Similar to FDTD, with the classification and RCWA approach, the restriction for the permittivity actually leads to a virtually flawless reconstruction of the spectral characteristics and to the network learning the permittivity of the utilized materials in the ground truth for each layer, as can be seen in Fig. 6. Furthermore, the achieved spectral characteristics also almost perfectly match the design goal of the ground truth. Thus, the classification was successfully used to constrain the network to realistic material choices.

Figure 7

Inversion results for a two-layer patterned material using RCWA and regression; (a) displays target and produced spectra, (b) each line shows the utilized permittivity for a grid cell.

Figure 8

Inversion results for a two-layer patterned material using RCWA and classification; (a) displays target and produced spectra, (b) each line shows the utilized permittivity for a grid cell.

Two-layer patterned material

The last case based on a ground truth from the forward models (i.e., the RCWA and FDTD implementations) is a two-layer patterned material consisting of \(\text{TiO}_{2}\) and \(\text{Ge}\) with a square pattern in the center similar to those shown in the Supplementary Information. In the upper layer the square is made of \(\text{TiO}_{2}\) and surroundings of \(\text{Ge}\) and vice versa for the bottom layer. This test case is only studied with RCWA as support for patterned layers is currently still in development for FDTD.

Figure 7 displays the obtained spectral characteristics with regression and RCWA. The desired spectrum is reproduced very well as can be seen in Fig. 7a with both, reflectance and transmittance, matching the target spectral characteristics precisely. However, the utilized permittivity is not close to any material available in NIDN as Fig. 7b shows and the reconstructed pattern is not resemblant of the ground truth. Again, the regression finds a solution that leads to an excellent reconstruction of the desired spectral properties with different material properties than used for the ground truth. Interestingly, the utilized permittivities are somewhat less erratic than in the previous cases (compare Figs. 7 and 3). And, it seems that there are two distinct materials (i.e. permittivity) that the network was converging to. These did not match the ones in NIDN’s dataset though.

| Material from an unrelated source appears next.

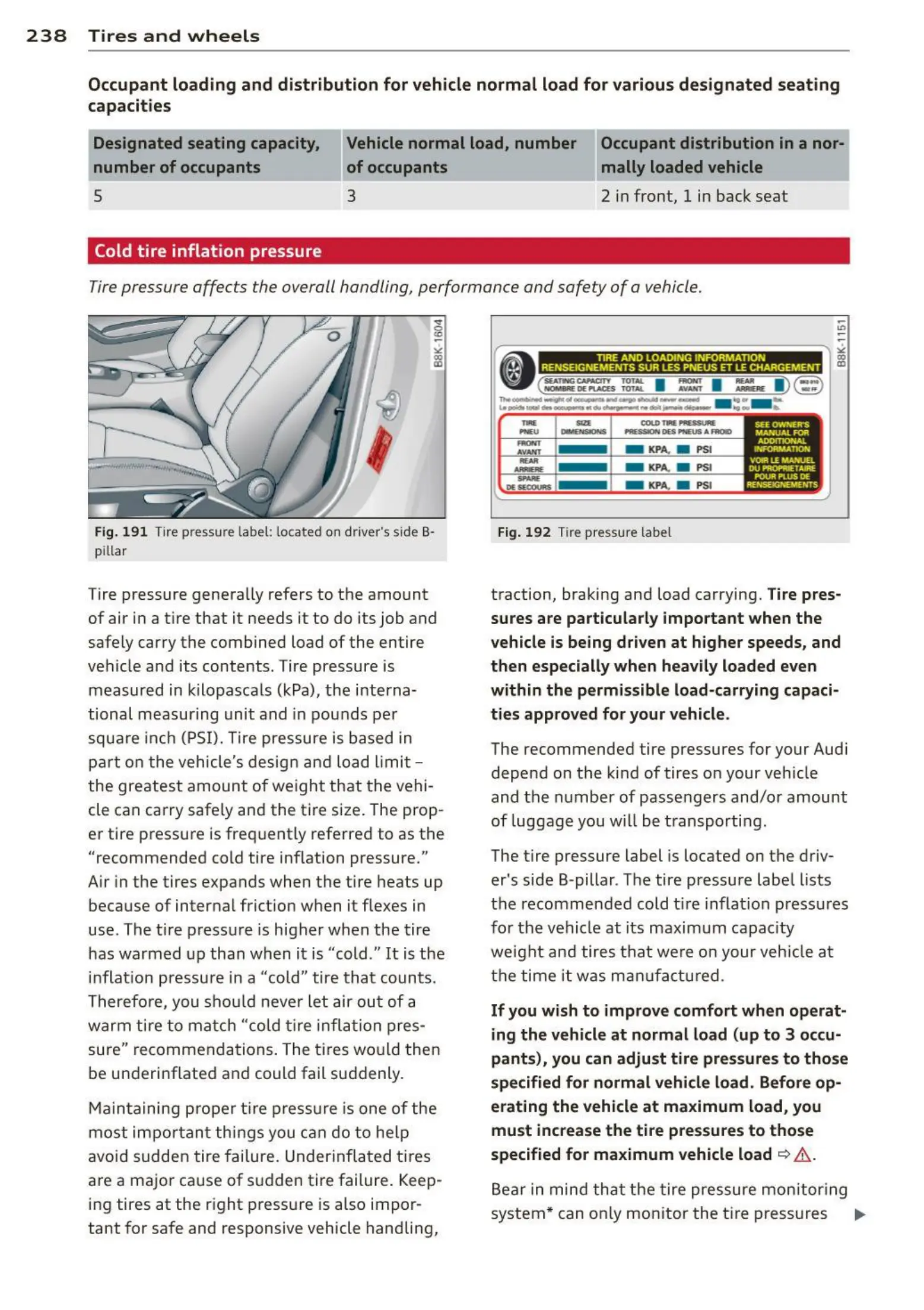 The recommended tire pressures f or your Audi

For the classification approach and RCWA, shown in Figure. 8, comparable errors in terms of reproducing the spectral characteristics are obtained. In this case—as can be seen in Fig. 8b—the permittivity chosen by the network is close to those of used in the ground truth, i.e., \(\text{TiO}_{2}\) and \(\text{Ge}\). The pattern of the ground truth was not reconstructed implying that the network found a good solution without it.

Figure 9

Inversion results for designing a bandpass filter with a ten layer stack using RCWA and regression; (a) displays target and produced spectra, (b) shows the utilized permittivity for each layer and closest material in NIDN (dashed).

Filter design

The first test case closer to a potential application is the design of a bandpass filter. In this case, the target spectral properties are defined manually. Hence, the spectral characteristics may actually not be obtainable with the material properties the network is allowed to utilize. A stack of ten uniform layers is used to design the material. Due to the larger computational cost of FDTD, only RCWA was studied in this case. Also, the classification for this test case did not converge—likely because the available materials in database did not suffice to find a solution for this problem.

Regression

With the regression, the chosen range for the relative permittivity is \(\epsilon _r \in [0 , 20 + 1i]\). The achieved spectral characteristics with regression and RCWA of the designed filter are shown in Fig. 9. The designed material captures the gap at the chosen wavelength around 1550 nm very well with a transmittance around 0.98 at those frequencies and a reflectance over 0.98 for the other wavelengths. Notably, the utilized permittivity is not similar to those of existing materials with erratic peaks in the real component of the permittivity for some of the layers, especially for lower wavelengths. Interestingly for higher wavelengths, the networks seems to converge to three distinct permittivities in the real part near 0, 20 and about 12.5.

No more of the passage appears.